En el hospital me dijeron que me habían encontrado en el puerto de Kingsport,
medio helado, al amanecer, aferrado a un madero providencial. Me dijeron que la
noche anterior me había extraviado por los acantilados de Orange Port, cosa que
habían deducido por las huellas que encontraron en la nieve. No hice ningún
comentario. Mi cabeza era un caos. Nada encajaba con mi experiencia de la noche
anterior. Los ventanales del hospital se abrían a un panorama de tejados de los
que apenas uno de cada cinco podía considerarse antiguo. Las calles vibraban con
el estrépito de tranvías y automóviles. Me insistieron en que esto era
Kingsport, cosa que yo no pude negar. Al verme caer en un estado de delirio
cuando me enteré de que el hospital se encontraba cerca del cementerio
parroquial de Central Hill, me trasladaron al Hospital St. Mary, de Arkham,
donde me atenderían mejor. Me gustó, en efecto, porque los médicos eran de
mentalidad más abierta, y aun me ayudaron, ya que gracias a su influencia pude
conseguir un ejemplar del censurable Necronomicon de Alhazred, celosamente
guardado en la Biblioteca de la Universidad del Miskatonic. Dijeron que sufría
una especie de «psicosis» y convinieron en que el mejor sistema de alejar las
obsesiones de mi cerebro era provocar mi cansancio a base de permitirme ahondar
en el tema.
De esta suerte llegué a leer el espantoso capítulo aquel, y me estremecí
doblemente, puesto que no era nuevo para mí: lo que contaba, lo había visto yo,
dijeran lo que dijesen las huellas de mis pies, y era mejor olvidar el sitio
donde lo había presenciado. Nadie durante el día me lo hacía recordar; pero mis
sueños son aterradores a causa de ciertas frases que no me atrevo a transcribir.

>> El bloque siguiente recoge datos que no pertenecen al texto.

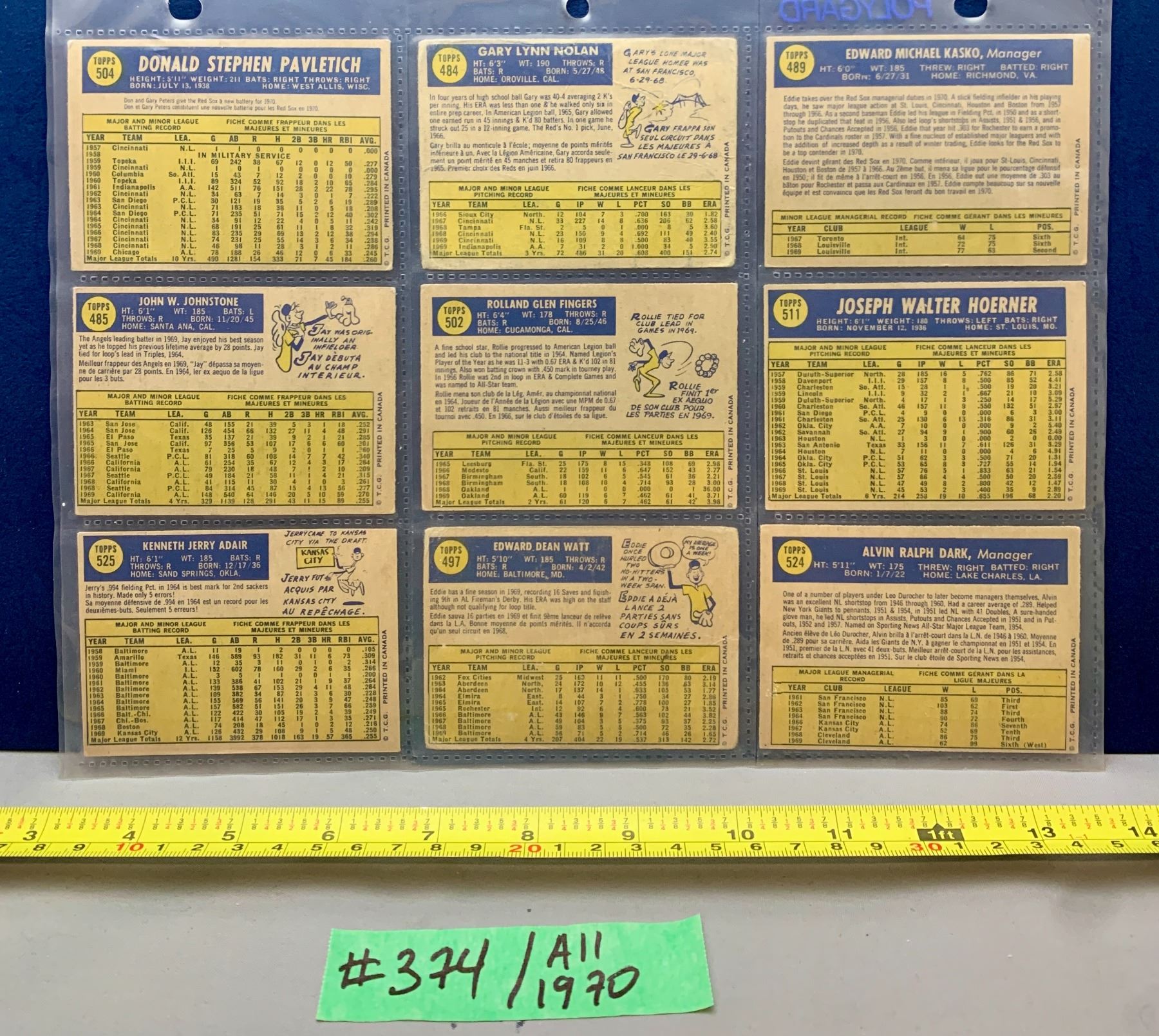 MLB Baseball Card - 9 x Vintage 1970 Baseball Cards
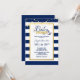 design náutica elegante e moderna com confete dourado falso e fundo marinho azul e listras brancas. Placas de convite de festas de Chá de fraldas / bebê aspersor. Unisex, sexo neutro, rapaz ou rapariga. Falso texto em folha de ouro e confete. Todo o texto pode ser editado com fonte e tamanho. Não se esqueça de combinar os adesivos e Traga um livro!
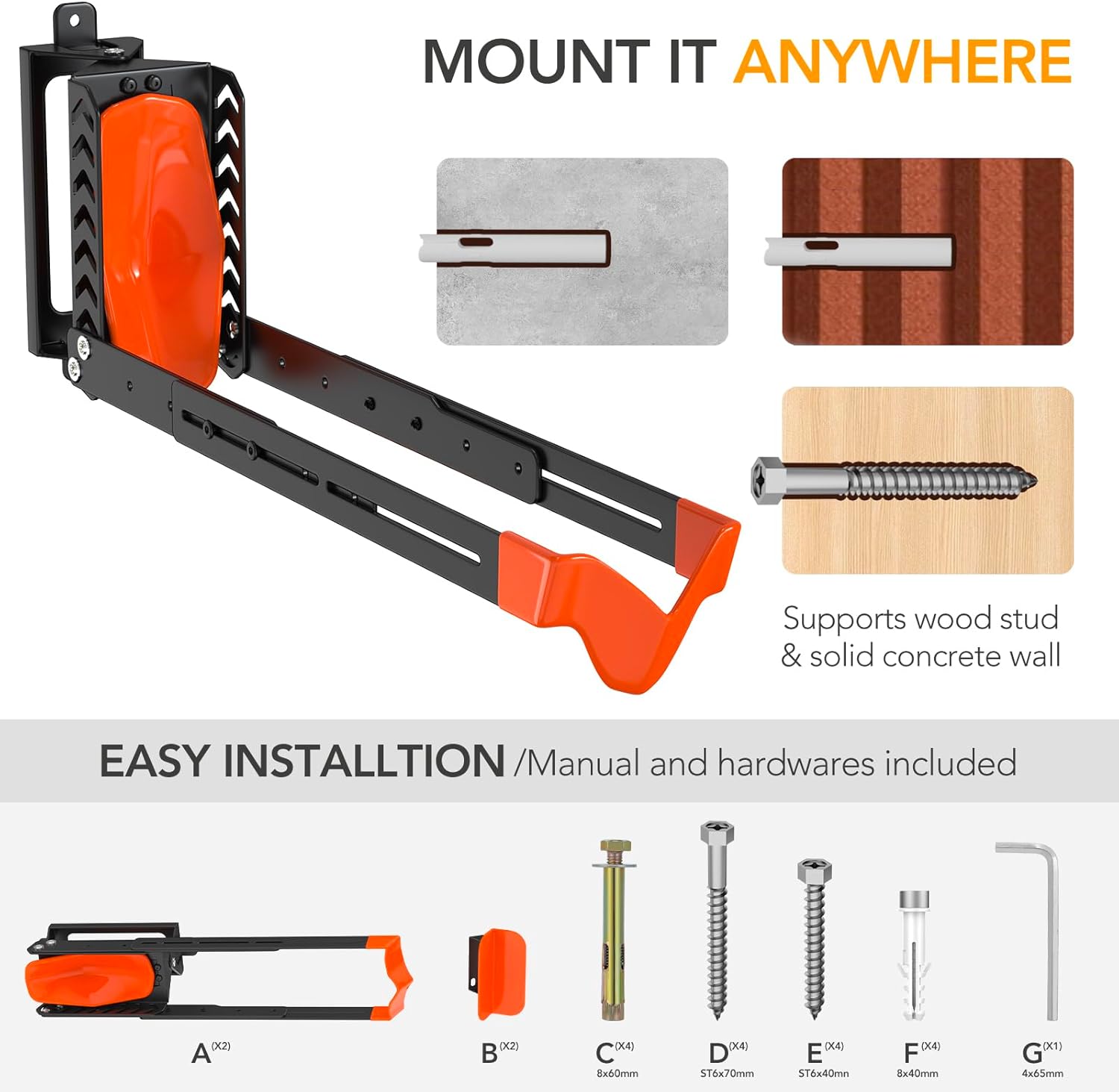 - Easy to Install:All necessary installation accessories and detailed instructions are included for hassle-free installation on wood, concrete walls.

Si acaso, citaré únicamente un párrafo. Lo traduciré lo mejor que pueda de ese
desgarbado latín vulgar en que está escrito:
«Las cavernas inferiores -escribió el loco Alhazred- son insondables para los
ojos que ven, porque sus prodigios son extraños y terribles. Maldita la tierra
donde los pensamientos muertos viven reencarnados en una existencia nueva y
singular, y maldita el alma que no habita ningún cerebro. Sabiamente dijo Ibn
Shacabad: bendita la tumba donde ningún hechicero ha sido enterrado y felices
las noches de los pueblos donde han acabado con ellos y los han reducido a
cenizas. Pues de antiguo se dice que el espíritu que se ha vendido al demonio no
se apresura a abandonar la envoltura de la carne, sino que ceba e instruye al
mismo gusano que roe, hasta que de la corrupción brota una vida espantosa, y las
criaturas que se alimentan de la carroña de la tierra aumentan solapadamente
para hostigarla, y se hacen monstruosas para infestarla. Excavadas son,
secretamente, inmensas galerías donde debían bastar los poros de la tierra, y
han aprendido a caminar unas criaturas que sólo deberían arrastrarse.»